▸ **Saved entries**:
....

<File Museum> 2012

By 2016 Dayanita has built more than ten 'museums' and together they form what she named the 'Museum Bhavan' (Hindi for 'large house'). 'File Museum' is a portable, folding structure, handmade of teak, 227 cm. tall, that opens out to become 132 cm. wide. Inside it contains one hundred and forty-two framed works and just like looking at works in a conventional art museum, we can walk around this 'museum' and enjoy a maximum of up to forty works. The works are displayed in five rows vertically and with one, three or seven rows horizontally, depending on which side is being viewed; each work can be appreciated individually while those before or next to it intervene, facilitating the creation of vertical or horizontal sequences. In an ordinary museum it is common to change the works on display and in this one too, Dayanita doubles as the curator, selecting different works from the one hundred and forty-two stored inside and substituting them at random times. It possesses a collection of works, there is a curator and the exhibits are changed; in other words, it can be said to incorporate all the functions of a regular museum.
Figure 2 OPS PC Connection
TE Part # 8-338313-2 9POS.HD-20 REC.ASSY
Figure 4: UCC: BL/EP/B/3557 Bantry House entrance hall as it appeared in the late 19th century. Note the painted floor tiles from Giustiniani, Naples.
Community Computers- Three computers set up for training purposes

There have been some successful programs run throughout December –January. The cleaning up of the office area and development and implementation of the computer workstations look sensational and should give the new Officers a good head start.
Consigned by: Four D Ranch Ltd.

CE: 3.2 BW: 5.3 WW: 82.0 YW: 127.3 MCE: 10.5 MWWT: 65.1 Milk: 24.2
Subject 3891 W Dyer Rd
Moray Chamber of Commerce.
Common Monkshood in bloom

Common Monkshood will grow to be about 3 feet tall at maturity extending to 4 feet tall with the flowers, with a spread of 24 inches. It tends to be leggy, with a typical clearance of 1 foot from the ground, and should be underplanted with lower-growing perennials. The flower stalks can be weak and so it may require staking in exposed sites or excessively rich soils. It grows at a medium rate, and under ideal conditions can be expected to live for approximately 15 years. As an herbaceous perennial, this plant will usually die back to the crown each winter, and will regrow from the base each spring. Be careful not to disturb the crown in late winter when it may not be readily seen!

....

▸ **Directions for this task**: Output all entries again exactly; no line may be altered.

▸ **Written reply**:
<File Museum> 2012

By 2016 Dayanita has built more than ten 'museums' and together they form what she named the 'Museum Bhavan' (Hindi for 'large house'). 'File Museum' is a portable, folding structure, handmade of teak, 227 cm. tall, that opens out to become 132 cm. wide. Inside it contains one hundred and forty-two framed works and just like looking at works in a conventional art museum, we can walk around this 'museum' and enjoy a maximum of up to forty works. The works are displayed in five rows vertically and with one, three or seven rows horizontally, depending on which side is being viewed; each work can be appreciated individually while those before or next to it intervene, facilitating the creation of vertical or horizontal sequences. In an ordinary museum it is common to change the works on display and in this one too, Dayanita doubles as the curator, selecting different works from the one hundred and forty-two stored inside and substituting them at random times. It possesses a collection of works, there is a curator and the exhibits are changed; in other words, it can be said to incorporate all the functions of a regular museum.
Figure 2 OPS PC Connection
TE Part # 8-338313-2 9POS.HD-20 REC.ASSY
Figure 4: UCC: BL/EP/B/3557 Bantry House entrance hall as it appeared in the late 19th century. Note the painted floor tiles from Giustiniani, Naples.
Community Computers- Three computers set up for training purposes

There have been some successful programs run throughout December –January. The cleaning up of the office area and development and implementation of the computer workstations look sensational and should give the new Officers a good head start.
Consigned by: Four D Ranch Ltd.

CE: 3.2 BW: 5.3 WW: 82.0 YW: 127.3 MCE: 10.5 MWWT: 65.1 Milk: 24.2
Subject 3891 W Dyer Rd
Moray Chamber of Commerce.
Common Monkshood in bloom

Common Monkshood will grow to be about 3 feet tall at maturity extending to 4 feet tall with the flowers, with a spread of 24 inches. It tends to be leggy, with a typical clearance of 1 foot from the ground, and should be underplanted with lower-growing perennials. The flower stalks can be weak and so it may require staking in exposed sites or excessively rich soils. It grows at a medium rate, and under ideal conditions can be expected to live for approximately 15 years. As an herbaceous perennial, this plant will usually die back to the crown each winter, and will regrow from the base each spring. Be careful not to disturb the crown in late winter when it may not be readily seen!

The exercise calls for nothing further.